Immer stand das Geld an erster Stelle. Und so erblickte schließlich auch der sogenannte »Marshallplan« das Licht der Welt. In den offiziellen Geschichtsbüchern und Lexika liest sich das wie folgt:

»Der Marshallplan [...] war ein großes Aufbauprogramm der Vereinigten Staaten von Amerika, das nach dem Zweiten Weltkrieg dem an den Folgen des Krieges leidenden Westeuropa [...] zugutekam. [...] Das 12,4-Milliarden-Dollar-Programm wurde am 3. April 1948 [...] von US-Präsident Harry S. Truman in Kraft gesetzt. Es dauerte vier Jahre [...]. Im gesamten Zeitraum [...] leisteten die USA bedürftigen Staaten [...] Hilfen im Wert von insgesamt 13,12 Milliarden Dollar [...].«11

Das entspräche, nebenbei bemerkt, heute (2022) rund 200 Milliarden Dollar.

Nun, in dieser hübschen Definition werden mindestens zwei wichtige Details verschwiegen. Erstens: Milliarden von Marshallplan-Dollars dienten auch dazu, Absatzmärkte für die USA zu schaffen. Die Bundesrepublik Deutschland wurde nicht nur als ein künftiger Verbündeter im Kampf gegen den Kommunismus gesehen, sondern auch als eine Gans, die goldene Eier legen konnte. Man musste ihr nur auf die Beine helfen. Deutschland musste zunächst gewissermaßen wieder von den Toten auferstehen, wenn man den Menschen dort amerikanische Waren verkaufen wollte. Es ging den USA also auch um das eigene finanzielle Wohlergehen, um Absatzmärkte. Die Finanzspritzen des Marshallplans dienten dazu, die eigenen Waren zu verhökern. Oh U$A!

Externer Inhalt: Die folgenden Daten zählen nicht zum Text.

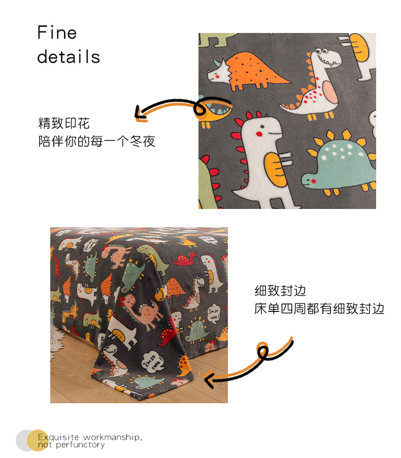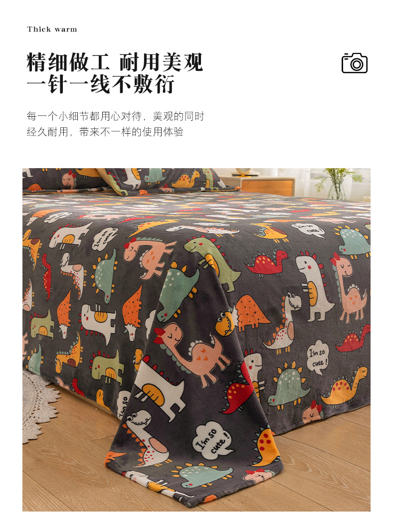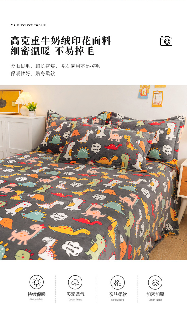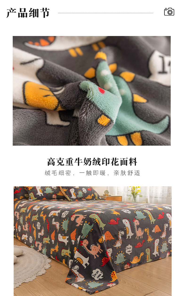 商品名称:金盛纺 2025新款高克重牛奶绒印花系列单床单(可定制) 恐龙王国
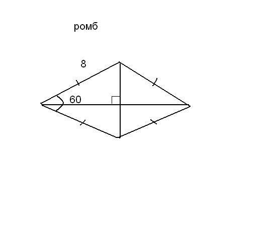 Ромб диагоналями делится на 4 равных прямоугольных треугольника с гипотенузой - сторона ромба. Диагонали - биссектрисы углов ромба. Диагонали в точке пересечения делятся пополам.
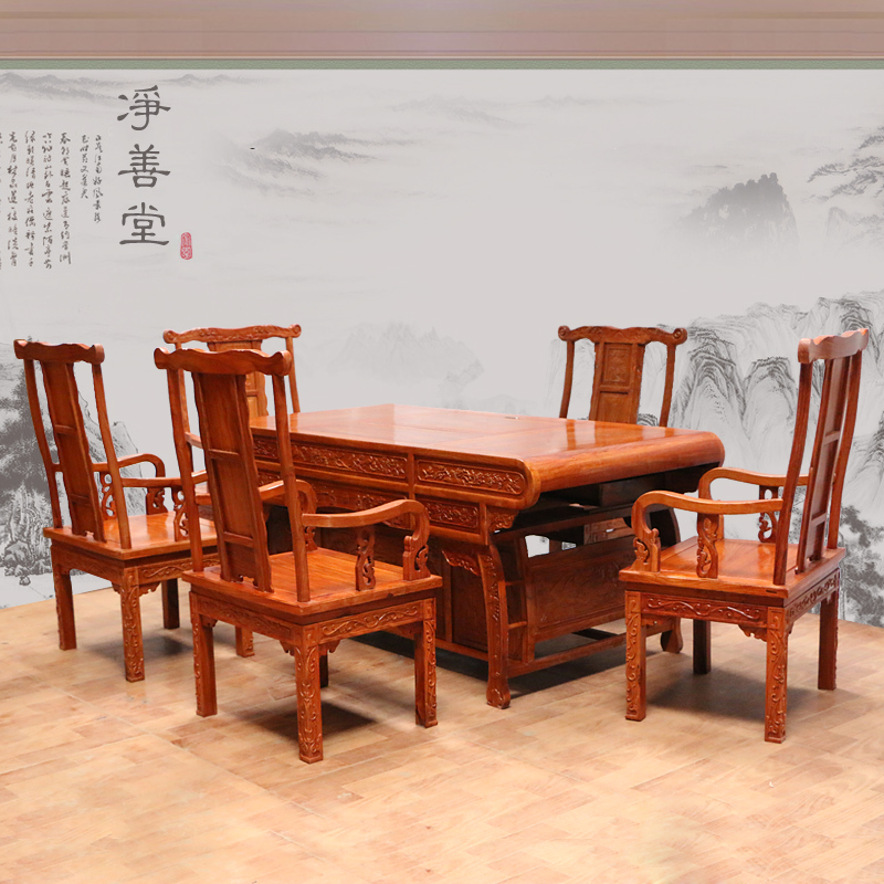 净善堂东阳红木家具非洲黄花梨中式茶桌cz-10
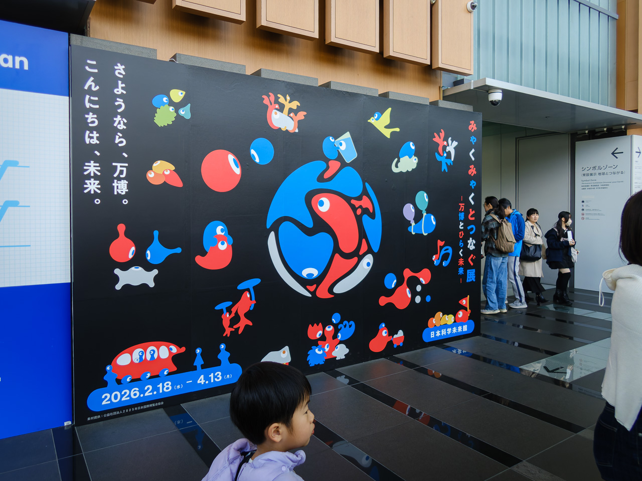 ミャクミャク・トゥンクトゥンクとの写真撮影の時間だから、もしかしたら出てくるかもしれないと思って万博メモリアル展会場に戻ってみた。が、やっぱり出てこないから、みゃくみゃくとつなぐ展 ~万博とひらく未来~(つなぐ展)を見に日本科学未来館に行くことにした。
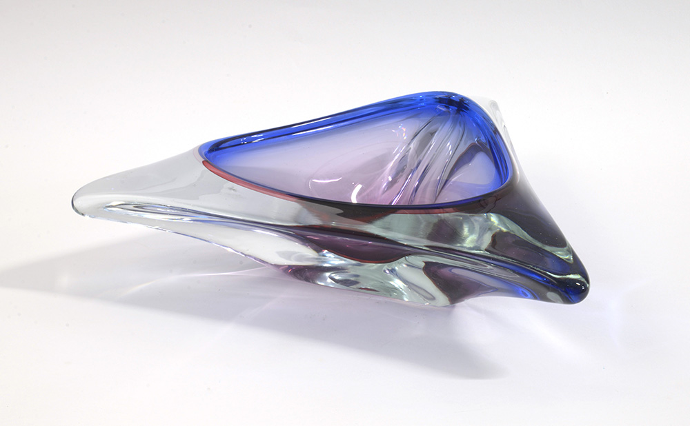 Seguso (Attribuito) Centrotavola di forma triangolare in vetro sommerso...
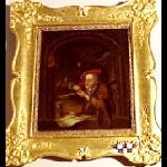 Framed painting (oil) of a man sharpening a quill pen at a writing desk. The whole scene set within an arch. Features a pair of nose spectacles. Gilt frame.

Zweitens: Weitgehend unbekannt ist die Tatsache, dass die CIA heimlich und ungesehen Unsummen von den Marshallgeldern abzwackte. Es existierte eine Geheimklausel, die eben dies der CIA erlaubte zum Zwecke der politischen Kriegsführung. Und so flossen die Dollars nicht nur in Richtung des »leidenden Westeuropa«, sondern ein Gutteil auch in die weiten Taschen der CIA.

Früh wurden der CIA 685 Millionen Dollar zur Verfügung gestellt.12 Es handelte sich um Geheimgelder, die für Geheimoperationen eingesetzt wurden.

In der Folge hob die CIA alle möglichen Tarnorganisationen aus der Taufe. Viele der ersten Firmen in der BRD waren CIA-Unternehmen, die sich freilich durchwegs hübsche deutsche Namen gaben.

Von besonderer Bedeutung waren die Medien, die neu aus dem Boden gestampft werden mussten. Besonders Axel Springer mit seiner Bild-Zeitung und anderen Publikationsorganen geriet später ins Gerede, aber auch Willy Brandt, die »Rechte« und die »Linke« mit anderen Worten.13

Die CIA rekrutierte außerdem in der Folge zahlreiche Mitarbeiter. Emigranten wurden angeworben, aber auch Deutsche aus allen Besatzungszonen. Flüchtlinge aus Russland und aus anderen osteuropäischen Staaten waren besonders willkommen, sowie deutsche Heimkehrer aus diesen Ländern.

Politische Untergrundgruppen wurden gebildet und verdeckte Operationen gegen die Sowjets in die Wege geleitet. Die CIA sorgte für Guerillabanden. Wie in jedem Geheimdienst wurden Sabotage, Mord und das ganze schmutzige Know-how der Nachrichtendienste ausdrücklich gebilligt.

Alle Bestrebungen richteten sich darauf, den Kommunismus zu Fall zu bringen und keinesfalls in der BRD Fuß fassen zu lassen. Eine »Kriegslist« bestand darin, eine vollständig neue Währung einzuführen, um über diesen Umweg die Sowjets auszuschalten. Zu diesem brisanten Thema gleich mehr.

Die Angst vor dem Kommunismus führte innerhalb der CIA sogar dazu, auch alte Nazis einzukaufen — womit wir unversehens bei einem Skandal eigener Güte sind.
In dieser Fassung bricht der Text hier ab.